### EXERCISE OBJECTIVE
This exercise calls for all the entries that follow to be set down exactly, without their images.

Records from a data collection
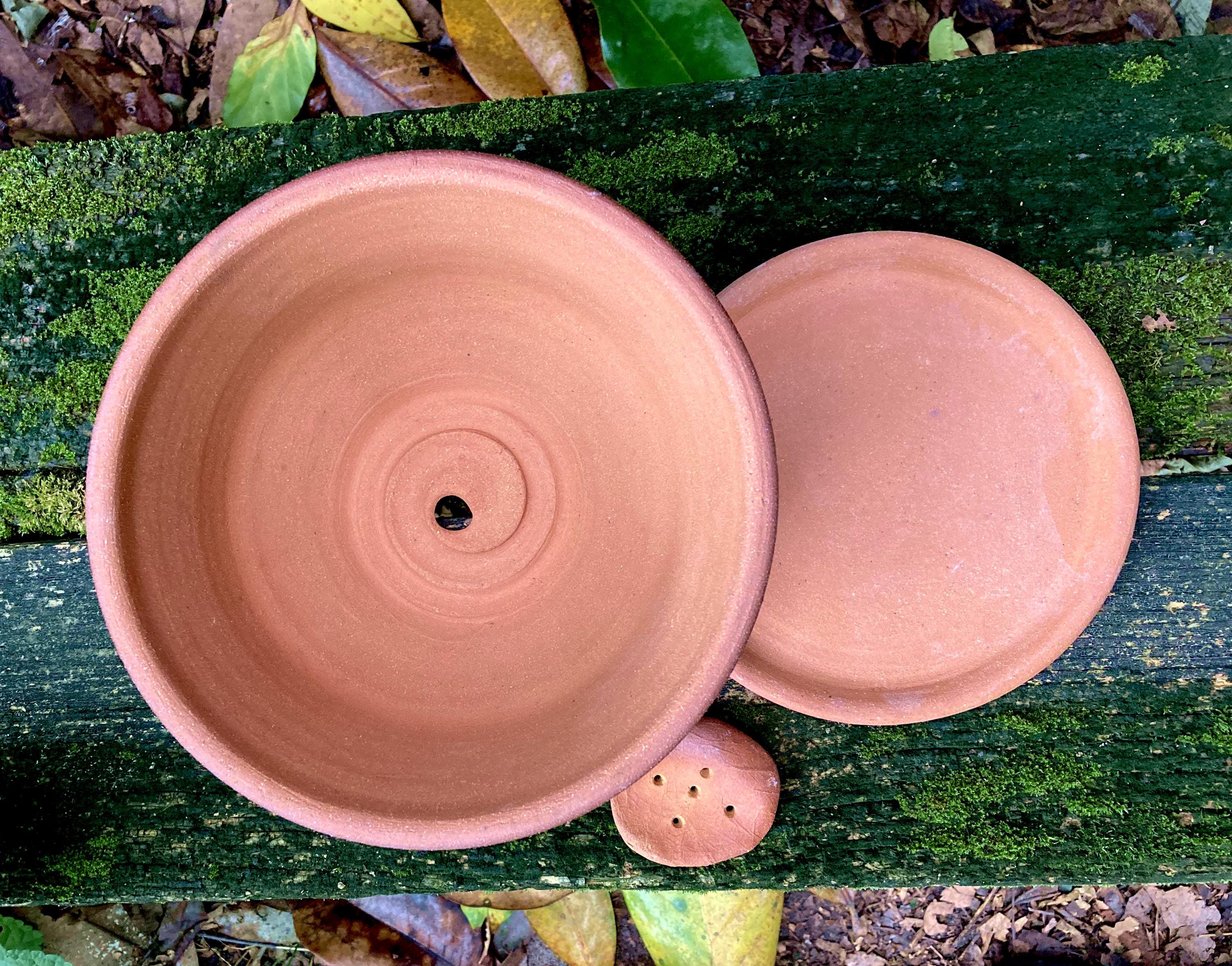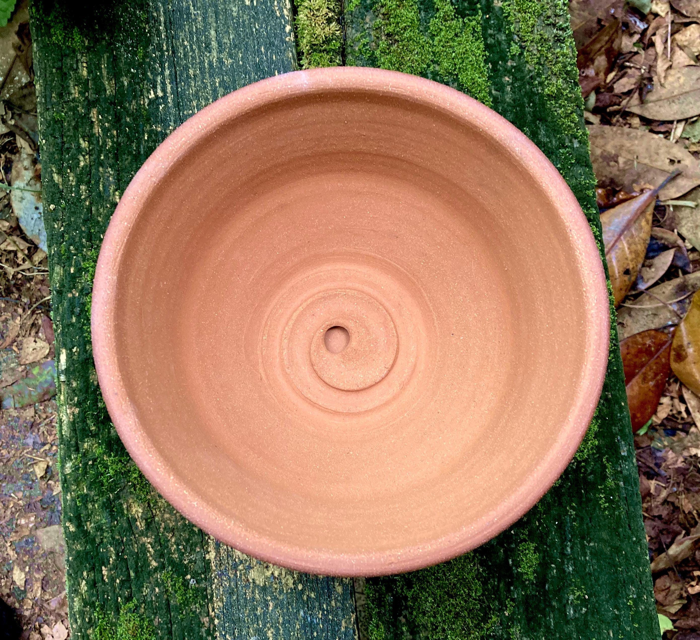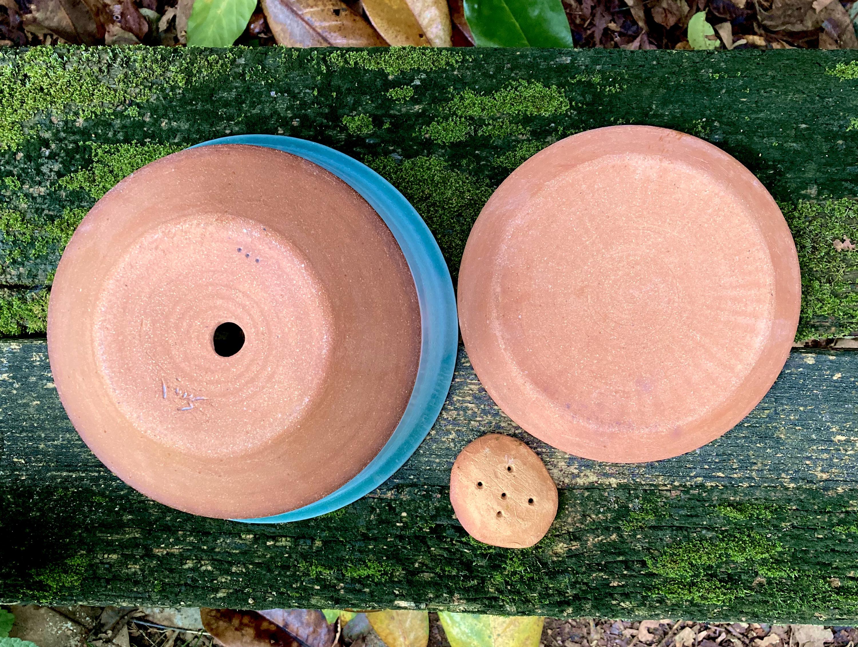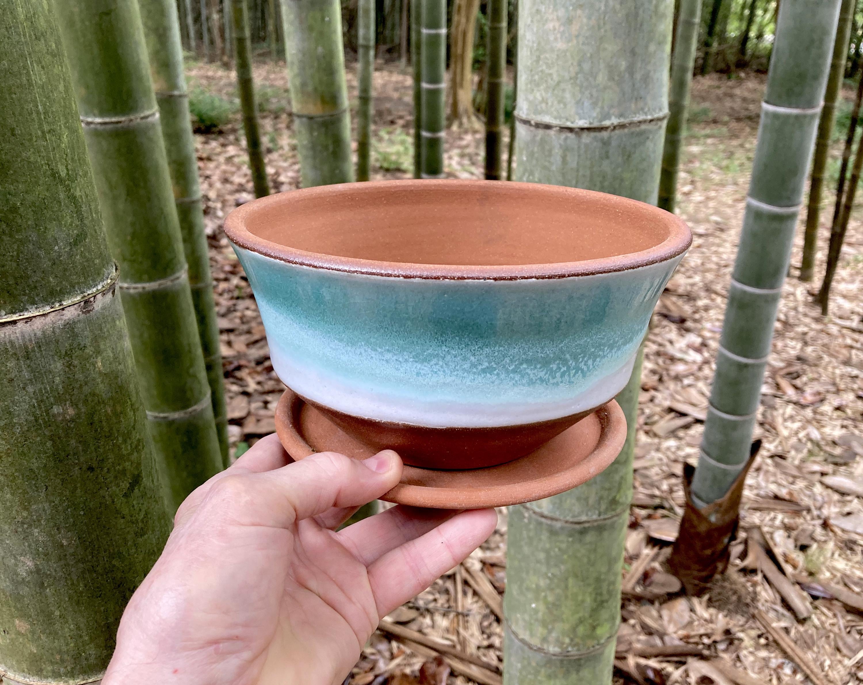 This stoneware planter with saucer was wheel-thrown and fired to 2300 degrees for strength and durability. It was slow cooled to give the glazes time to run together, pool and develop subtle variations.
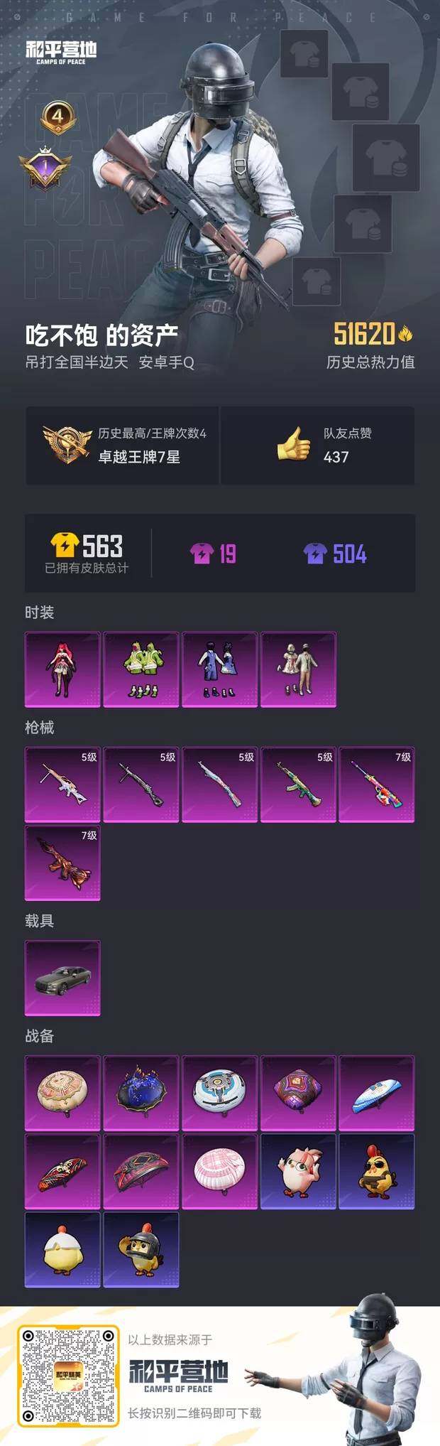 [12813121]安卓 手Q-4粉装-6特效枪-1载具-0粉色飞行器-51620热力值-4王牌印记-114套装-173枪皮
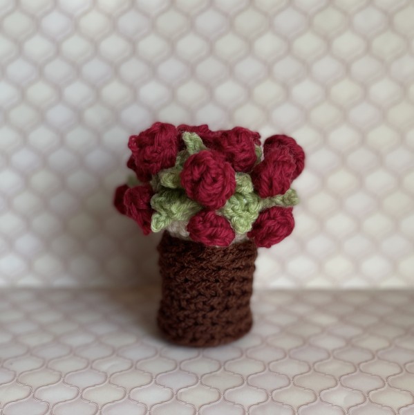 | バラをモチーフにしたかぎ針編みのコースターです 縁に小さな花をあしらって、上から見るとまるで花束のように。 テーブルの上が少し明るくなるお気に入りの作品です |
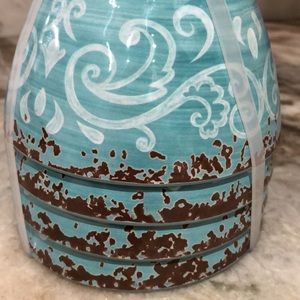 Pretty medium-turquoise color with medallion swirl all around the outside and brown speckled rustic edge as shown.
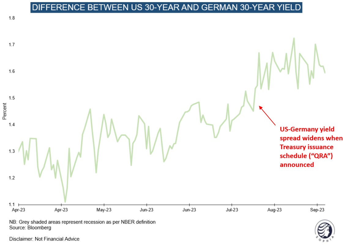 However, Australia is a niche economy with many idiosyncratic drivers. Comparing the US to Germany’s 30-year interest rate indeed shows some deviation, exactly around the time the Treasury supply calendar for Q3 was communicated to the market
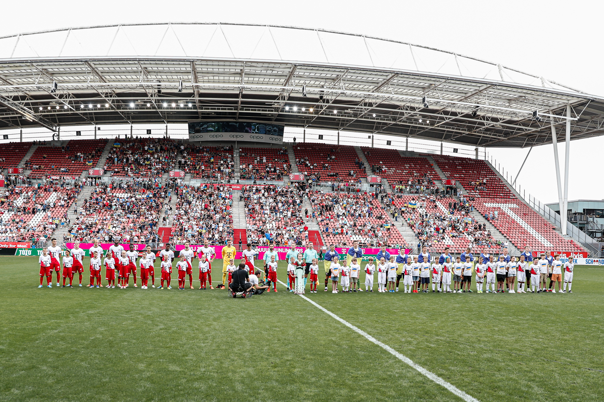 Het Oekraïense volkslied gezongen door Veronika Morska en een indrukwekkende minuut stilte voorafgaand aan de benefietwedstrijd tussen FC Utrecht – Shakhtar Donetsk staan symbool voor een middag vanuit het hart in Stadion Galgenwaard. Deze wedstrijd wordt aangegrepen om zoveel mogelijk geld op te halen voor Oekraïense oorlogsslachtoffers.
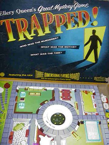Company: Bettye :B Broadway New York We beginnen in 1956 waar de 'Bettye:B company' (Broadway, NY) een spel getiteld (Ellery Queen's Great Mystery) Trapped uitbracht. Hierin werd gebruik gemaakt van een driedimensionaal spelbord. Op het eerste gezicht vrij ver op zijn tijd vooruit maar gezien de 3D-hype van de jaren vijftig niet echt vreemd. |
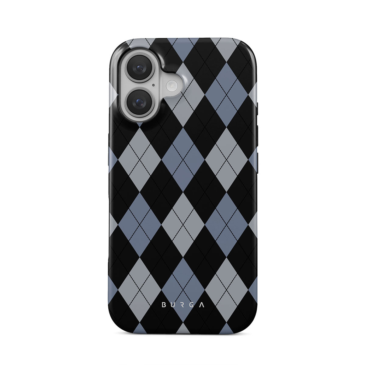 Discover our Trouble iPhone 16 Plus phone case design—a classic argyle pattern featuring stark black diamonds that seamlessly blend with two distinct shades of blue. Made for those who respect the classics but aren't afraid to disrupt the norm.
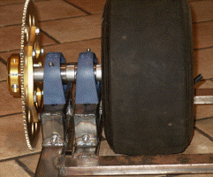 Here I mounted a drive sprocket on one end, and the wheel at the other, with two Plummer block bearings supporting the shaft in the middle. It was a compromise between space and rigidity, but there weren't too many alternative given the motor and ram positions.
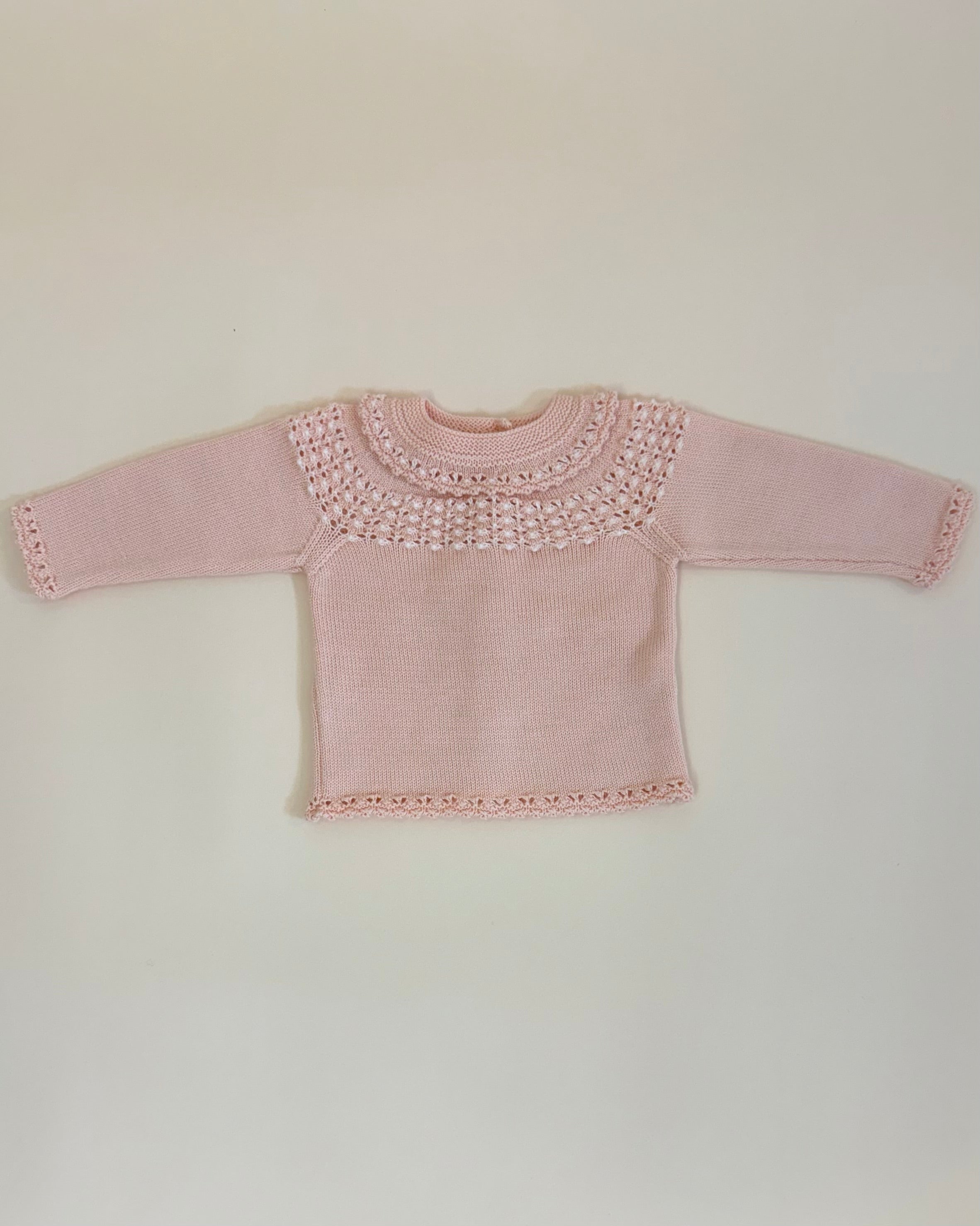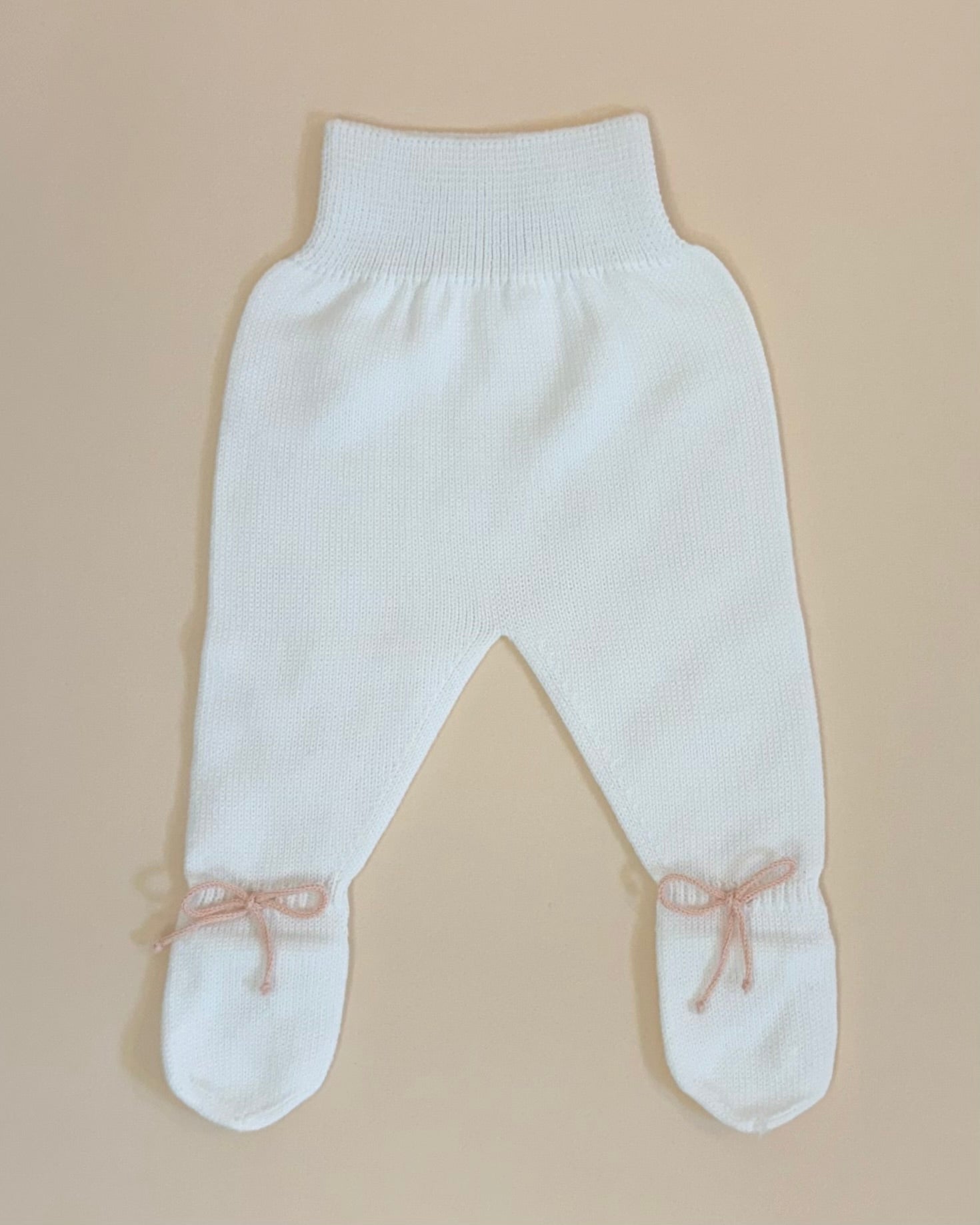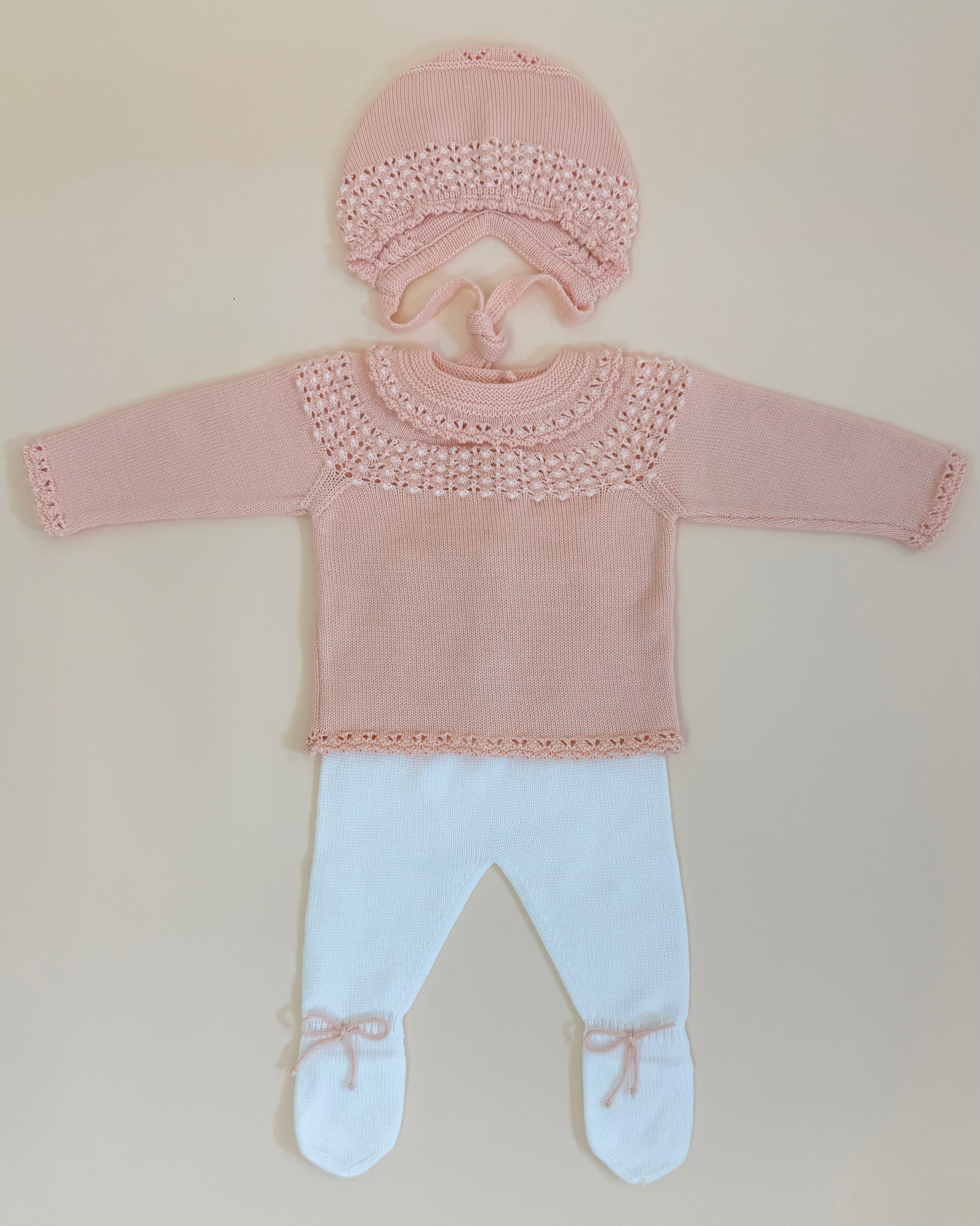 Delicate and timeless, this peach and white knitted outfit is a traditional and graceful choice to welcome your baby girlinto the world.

### OUTPUT
 This stoneware planter with saucer was wheel-thrown and fired to 2300 degrees for strength and durability. It was slow cooled to give the glazes time to run together, pool and develop subtle variations.
 [12813121]安卓 手Q-4粉装-6特效枪-1载具-0粉色飞行器-51620热力值-4王牌印记-114套装-173枪皮
 | バラをモチーフにしたかぎ針編みのコースターです 縁に小さな花をあしらって、上から見るとまるで花束のように。 テーブルの上が少し明るくなるお気に入りの作品です |
 Pretty medium-turquoise color with medallion swirl all around the outside and brown speckled rustic edge as shown.
 However, Australia is a niche economy with many idiosyncratic drivers. Comparing the US to Germany’s 30-year interest rate indeed shows some deviation, exactly around the time the Treasury supply calendar for Q3 was communicated to the market
 Het Oekraïense volkslied gezongen door Veronika Morska en een indrukwekkende minuut stilte voorafgaand aan de benefietwedstrijd tussen FC Utrecht – Shakhtar Donetsk staan symbool voor een middag vanuit het hart in Stadion Galgenwaard. Deze wedstrijd wordt aangegrepen om zoveel mogelijk geld op te halen voor Oekraïense oorlogsslachtoffers.
Company: Bettye :B Broadway New York We beginnen in 1956 waar de 'Bettye:B company' (Broadway, NY) een spel getiteld (Ellery Queen's Great Mystery) Trapped uitbracht. Hierin werd gebruik gemaakt van een driedimensionaal spelbord. Op het eerste gezicht vrij ver op zijn tijd vooruit maar gezien de 3D-hype van de jaren vijftig niet echt vreemd. |
 Discover our Trouble iPhone 16 Plus phone case design—a classic argyle pattern featuring stark black diamonds that seamlessly blend with two distinct shades of blue. Made for those who respect the classics but aren't afraid to disrupt the norm.
 Here I mounted a drive sprocket on one end, and the wheel at the other, with two Plummer block bearings supporting the shaft in the middle. It was a compromise between space and rigidity, but there weren't too many alternative given the motor and ram positions.
 Delicate and timeless, this peach and white knitted outfit is a traditional and graceful choice to welcome your baby girlinto the world.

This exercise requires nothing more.